Caso esemplare. Ed è da qui che parte, dal
vuoto del tabù familiare, Gino Rebosio. È lo psicologo che segue gli
incontri con i ragazzi. Piccoli e grandi. Uno «psicologo che viene dai
matti», si definisce, avendo cominciato negli anni Sessanta, «quando i
manicomi erano manicomi» e avendo poi continuato con la cosiddetta
«psichiatria politica»: «Più si va in basso — dice — più è possibile
parlare di morte, più si sale con l’età e più diventa difficile: con i
genitori è difficilissimo, ma il problema vero è cercare, su questi
temi, un dialogo tra le generazioni». La solitudine dell’adolescente,
l’assenza di dialogo è l’argomento-chiave, una volta di più: «Ho
raccolto storie in cui i ragazzi riconducevano la malattia del nonno al
silenzio del contesto familiare, mentre loro sentivano il bisogno di un
chiarimento che avrebbe diminuito l’ansia su un dato di realtà come la
morte. Quando chiedevo: con chi ne parlavate?, rispondevano: con i
nostri amici. Il dialogo con i coetanei compensa la mancanza del dialogo
tra le generazioni». La differenza è tra spiegazione e condivisione:
«La morte non richiede una spiegazione, ma una condivisione, una
compartecipazione: la spiegazione, eventualmente, viene dopo, perché
quel che conta nell’immediato è il piano emozionale, affettivo, non
tanto quello cognitivo… Dunque, vado dal mio amico per vomitare il mio
star male. Oggi in noi adulti, se va bene, prevale la cultura della
spiegazione, dell’educazione, oppure la cultura del silenzio protettivo
se non dell’assenza».
Gino, che ha superato da un bel po’ i
settanta, racconta le sue estati in un paesino, sul Lago Maggiore, con
la bisnonna materna, le passeggiate per raggiungere il pollaio, la sosta
per il Requiem alla cappelletta votiva con i teschi in bella vista, il
casée , il prete, i due matti del paese, le visite ai morti: «La morte
per noi bambini era una cosa naturale, oggi si è patologizzata, un po’

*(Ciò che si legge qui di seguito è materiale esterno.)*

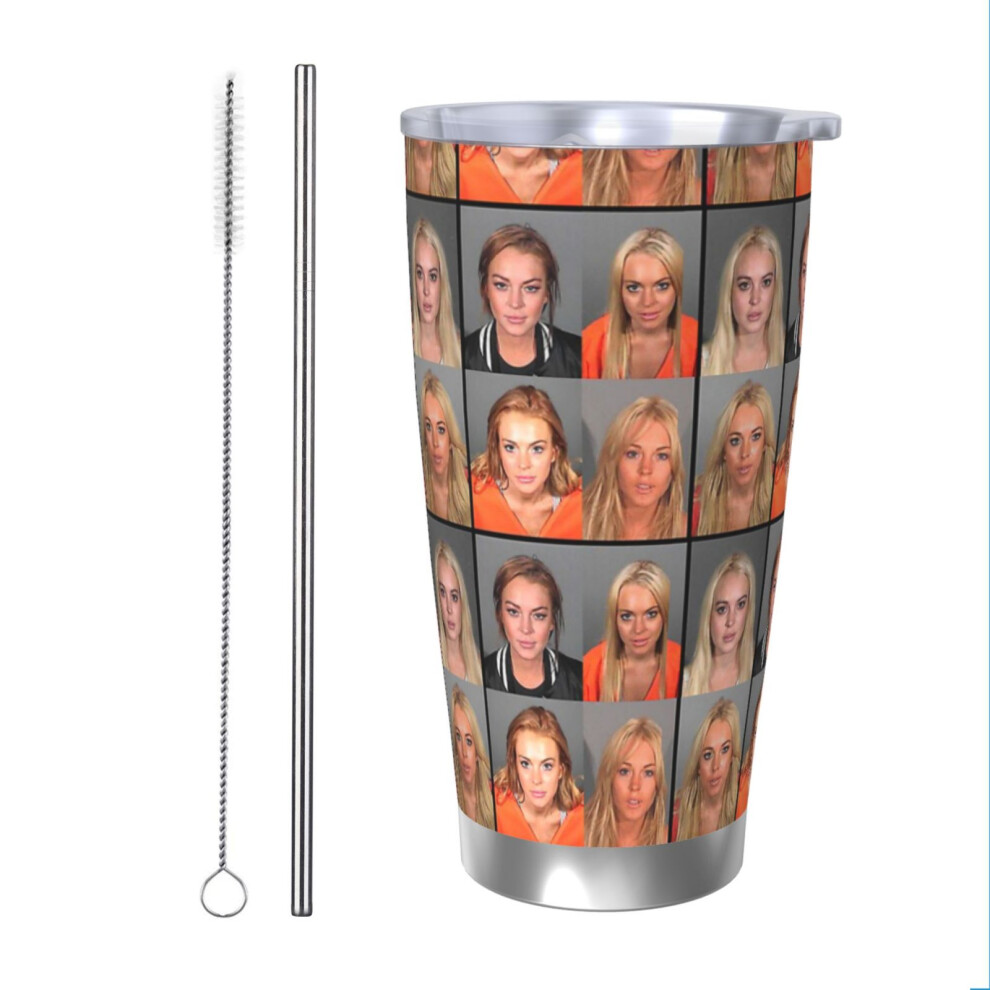 (LINDSAY LOHAN MUGSHOTS_1013) Stainless Steel Tumbler 20oz Insulated Coffee Travel Funny Birthday Christmas Gifts for Women Men Boss Coworker

come il parto. Quanti familiari di malati terminali che stanno in casa
mi chiamano per chiedere come comportarsi con i bambini: la tentazione è
sempre quella di allontanarli per non farli soffrire. Ma prima o poi
soffrono anche i ragazzini, è inutile fingere che la sofferenza nella
vita non esista: oggi c’è il tabù della morte esattamente come ai miei
tempi c’era il tabù del sesso. Noi da bambini giocavamo nella stessa
stanza in cui il nonno era a letto malato…». Rebosio si è laureato su
questi temi a Ginevra con Jean Piaget, maestro della psicologia dello
sviluppo, poi per vent’anni ha studiato il «processo a morire» con
Vidas. La sua allegria non sembra per nulla oscurata da questa
esperienza. Nessuno conosce come lui il rapporto dell’infanzia e
dell’adolescenza con la morte: «Fino ai 10-11 anni la perdita rimane
legata all’esperienza del cerchio familiare: è sentita come fine di riti
e di rapporti. Dopo viene coniugata in termini più astratti, quasi
filosofici. In tutti c’è la domanda su cosa viene dopo, per dare senso a
qualcosa di inevitabile che devi subire. Il fatto sorprendente è che
nei morenti tutto questo costrutto si perde e oltre alla paura c’è la
preoccupazione delle conseguenze: l’essere dimenticati. Una vecchina una
volta mi ha detto il suo desiderio». Qual era? «Mi ha detto: vorrei
essere sepolta dentro nei miei. Quella per lei era l’immortalità, non
morire nel ricordo dei suoi cari. L’altra preoccupazione è la
conflittualità, perché con la rabbia vieni espulso. Un anziano una volta
ha espresso ai due figli la sua unica volontà: chiedeva loro di andare a
mangiare tutti gli anni in un certo ristorante …».